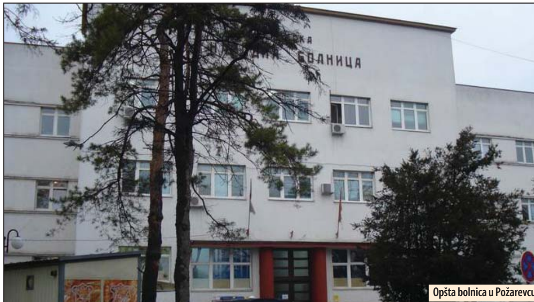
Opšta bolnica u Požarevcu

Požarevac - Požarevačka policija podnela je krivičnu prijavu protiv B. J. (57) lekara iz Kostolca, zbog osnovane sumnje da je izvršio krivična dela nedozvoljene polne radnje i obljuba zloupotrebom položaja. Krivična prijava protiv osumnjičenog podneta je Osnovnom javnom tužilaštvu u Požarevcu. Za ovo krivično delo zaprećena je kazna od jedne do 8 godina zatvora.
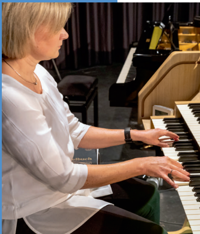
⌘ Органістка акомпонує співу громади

____

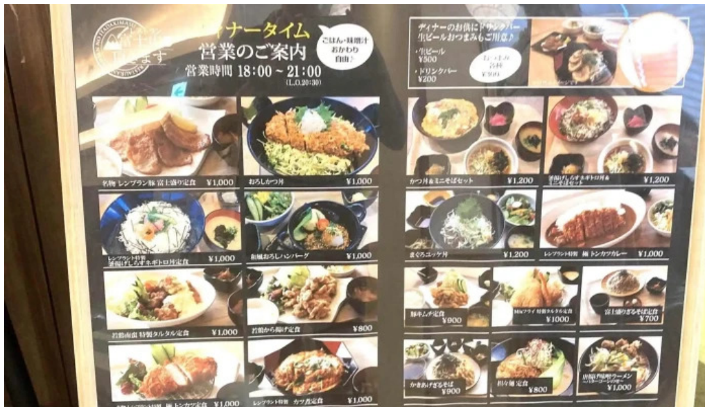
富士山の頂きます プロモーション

____

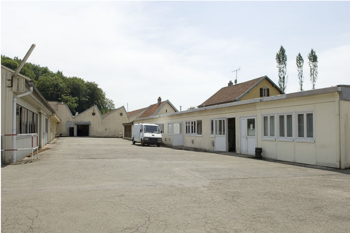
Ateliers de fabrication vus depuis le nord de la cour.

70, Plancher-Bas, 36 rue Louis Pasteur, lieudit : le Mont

____

### Activity
Going through the material, how many lines contain the word "Požarevcu"? Please give only the number.

### Output for this exercise
2